#### Input data
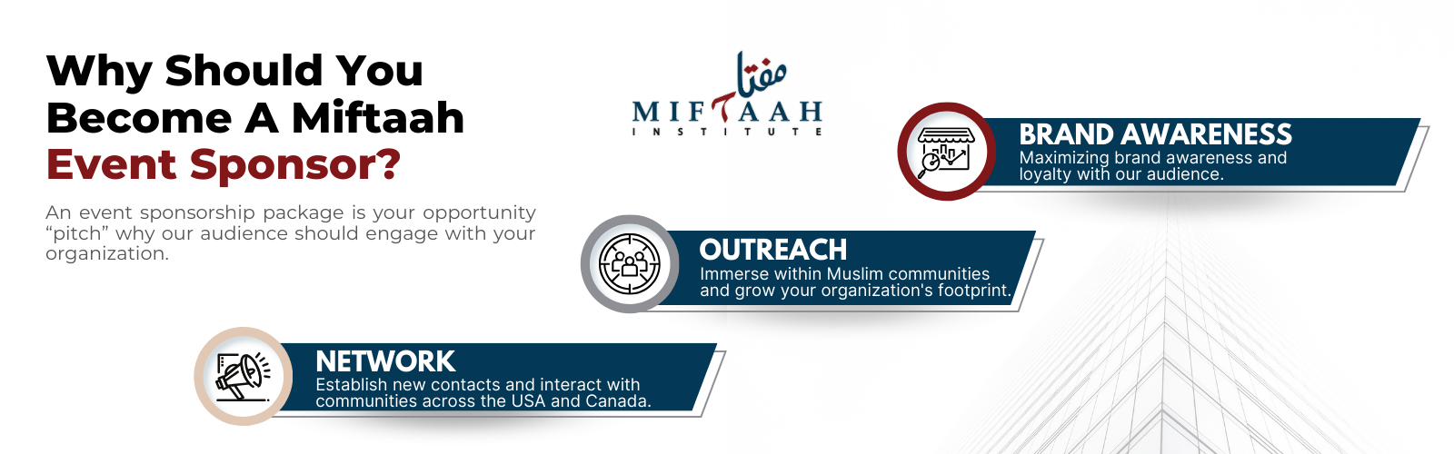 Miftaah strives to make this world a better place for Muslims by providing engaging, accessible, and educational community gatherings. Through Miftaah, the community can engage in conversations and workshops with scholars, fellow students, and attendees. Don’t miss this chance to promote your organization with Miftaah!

--

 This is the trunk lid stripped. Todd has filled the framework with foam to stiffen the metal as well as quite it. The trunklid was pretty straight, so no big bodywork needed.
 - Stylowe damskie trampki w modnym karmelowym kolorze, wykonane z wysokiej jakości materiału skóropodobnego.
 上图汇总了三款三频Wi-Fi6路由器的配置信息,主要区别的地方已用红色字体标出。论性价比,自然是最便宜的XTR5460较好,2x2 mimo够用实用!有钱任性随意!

* * *

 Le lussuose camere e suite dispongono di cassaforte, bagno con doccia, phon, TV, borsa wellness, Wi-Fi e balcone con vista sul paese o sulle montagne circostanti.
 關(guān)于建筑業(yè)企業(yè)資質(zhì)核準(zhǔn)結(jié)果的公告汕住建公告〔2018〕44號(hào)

#### Your goal
An exact copy of the lines above between the line holding "This is the" and the line holding "上图汇总了三款三频Wi-Fi", inclusive, is the whole answer.

#### Expected output
 This is the trunk lid stripped. Todd has filled the framework with foam to stiffen the metal as well as quite it. The trunklid was pretty straight, so no big bodywork needed.
 - Stylowe damskie trampki w modnym karmelowym kolorze, wykonane z wysokiej jakości materiału skóropodobnego.
 上图汇总了三款三频Wi-Fi6路由器的配置信息,主要区别的地方已用红色字体标出。论性价比,自然是最便宜的XTR5460较好,2x2 mimo够用实用!有钱任性随意!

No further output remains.